It may be hard for the young to believe, but there was a time in the not-too-distant past when America wasn't as divided as it is today. Or, to put it more accurately, when the divisions mattered less.
A time when, though some of us were liberals and some conservatives, some country dwellers and some urbanites, Americans were less quick to demonize those who disagreed with them. When Americans didn't feel threatened by each other.
Many Americans feel threatened today. As Ross Douthat put it in a New York Times column, "In a culture this diverse and divided we trust our fellow citizens less, we share less with them, and we fear that any political defeat will leave our communities at their mercy, that if we lose power we will be routed and destroyed (http://tiny.cc/…)."
The last half of that sentence is the key. What's new is the fear that to lose at the polls is to lose everything. For the other side to win an election is not just disappointing. It's threatening.
Extreme fears of this sort, Douthat writes, undermine democratic life, which "requires accepting that your own faction may be out of power roughly half the time."
Douthat describes himself as "a conservative Catholic who works in a liberal milieu." He worries that a militantly secular society threatens religious liberty.
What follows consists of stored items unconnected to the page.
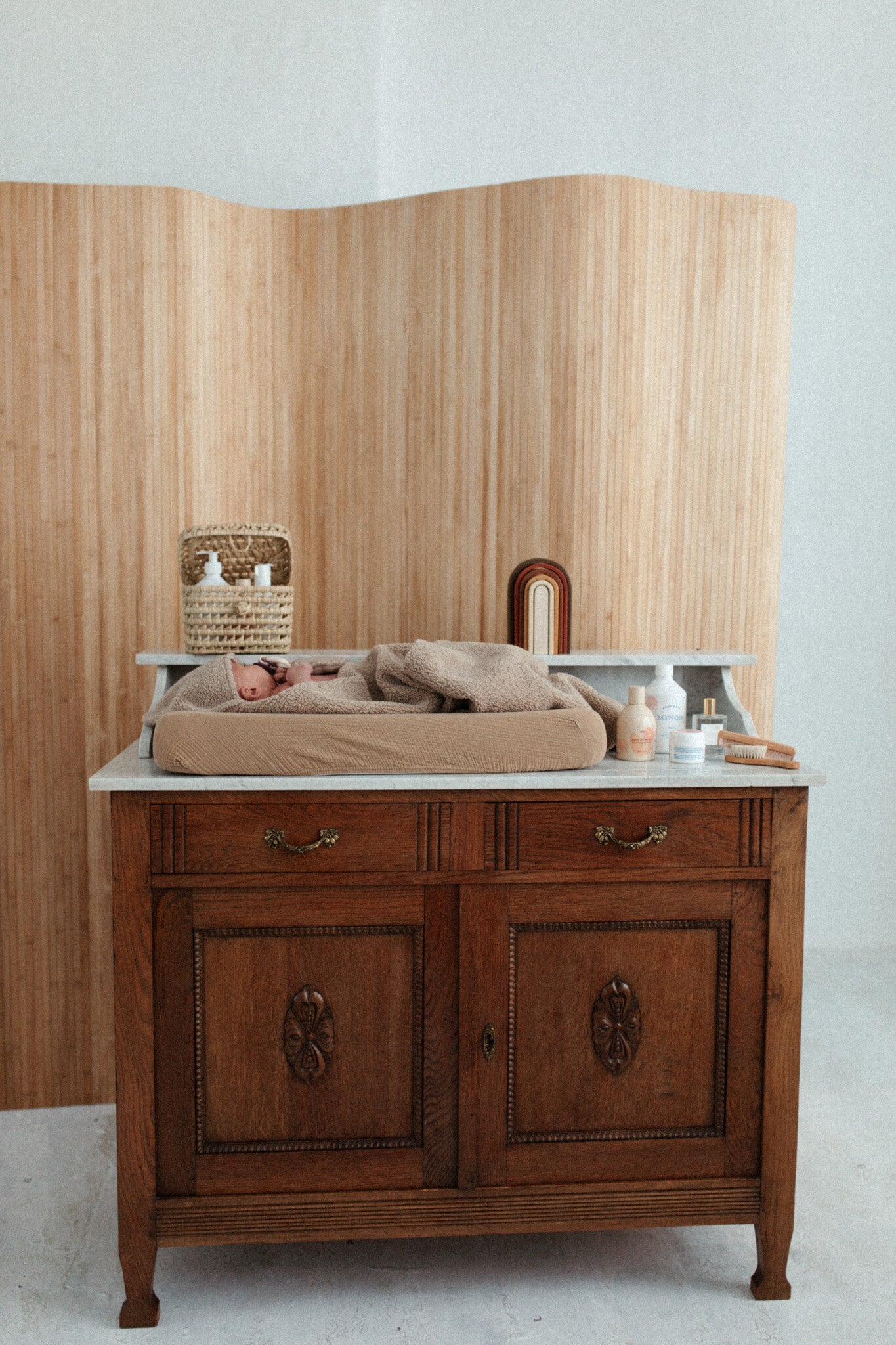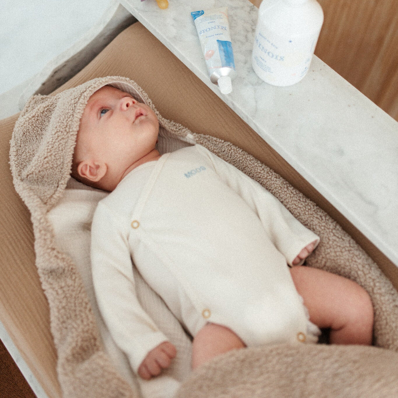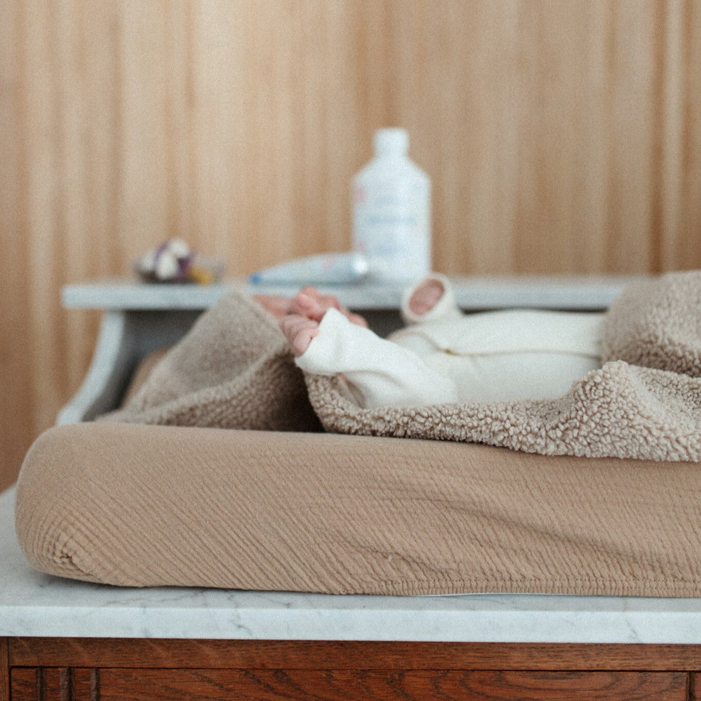 With our mega-soft CHANGING COVER you’ll change your baby in style, because we want nothing else for those cute baby bottoms. The cover for the changing pillow is made of super soft, chunky muslin beautiful natural tints. The elastic bands make sure the CHANGING COVER fits the pillow perfectly, and that it stays in place when you and your baby are cuddling.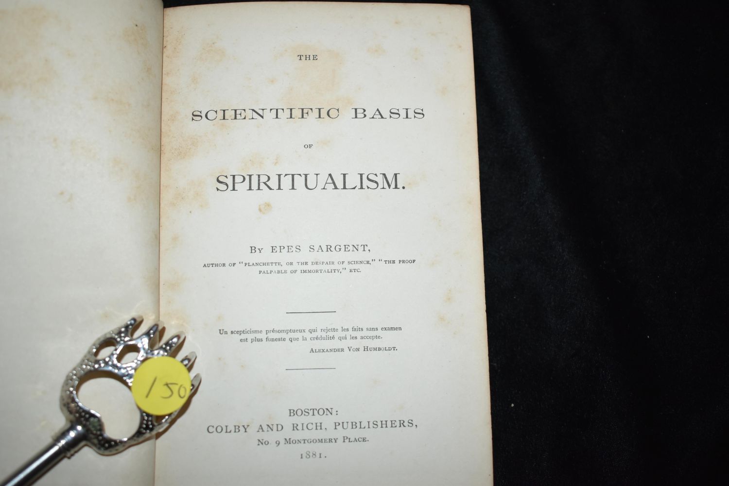 1881 THE SCIENTIFIC BASIS OF SPIRITUALISM by Epes Sargent. Published by Colby and Rich 1881. Publishers Brown Cloth with Gold Gilt to Spine. Good Condition with some shelf wear to corners and spine. Notes regarding Theosophy hand written in the back of the book. 372 pages 7 1/2" by 5"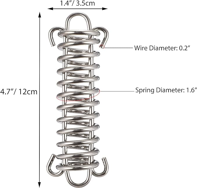 - 【Easy to Install】-- Just put the rope or chain through one end of the spring, and you can finish installation without using any tool. The special design of spring can ensure spring will not break even if it exceeds the load capacity.

But perhaps because he works with people who don't think as he does, he understands that it isn't just his faction that feels threatened.
Douthat understands, too, that "because we are so distant from our rivals, we cannot recognize that they share the same fears about what will happen if power is in our hands -- or else we dismiss those fears as the pleadings of a wicked claque whose destruction is entirely merited."
So, after the Supreme Court decision legalizing same-sex marriage, Douthat writes, many liberals dismissed as "alarmism" Christian dissidents' fears that "conservative believers would be prodded out of various occupations, while their schools and hospitals and charities would be fined and taxed and regulated and de-accredited to death." And when those attacks did arrive (think the lawsuit against the Colorado baker who refused to make a wedding cake for a gay couple), "they obviously deserved it."
Then, when a Republican president came to power, Douthat continues, "the roles reversed and suddenly it was a certain kind of right-winger who couldn't understand why blacks and Hispanics and Muslims might feel threatened by the new president, why Trump's rhetoric might make them fear for their very safety, why causes conservatives regarded as procedurally neutral exercises in enforcing laws -- illegal-immigrant roundups, strict voter ID laws -- were experienced as white-identitarian aggression."
As Douthat observes, "This kind of cycle of incomprehension and aggression tends to destroy republics if it isn't broken, if leaders can't compromise ideological principles to maintain civic peace, if partisans can't imagine how the world looks in communities vastly different from their own."
It would help, Douthat thinks, to have a president who reassured those feeling threatened" in a way that Obama failed to do and Trump is incapable of even attempting." Douthat wants Anthony Kennedy, the swing justice on the Supreme Court, to assume the role. It was Justice Kennedy's vote that decided the same-sex marriage case, and Douthat hopes he will balance that vote with a decisive vote in favor of the baker in the wedding-cake case.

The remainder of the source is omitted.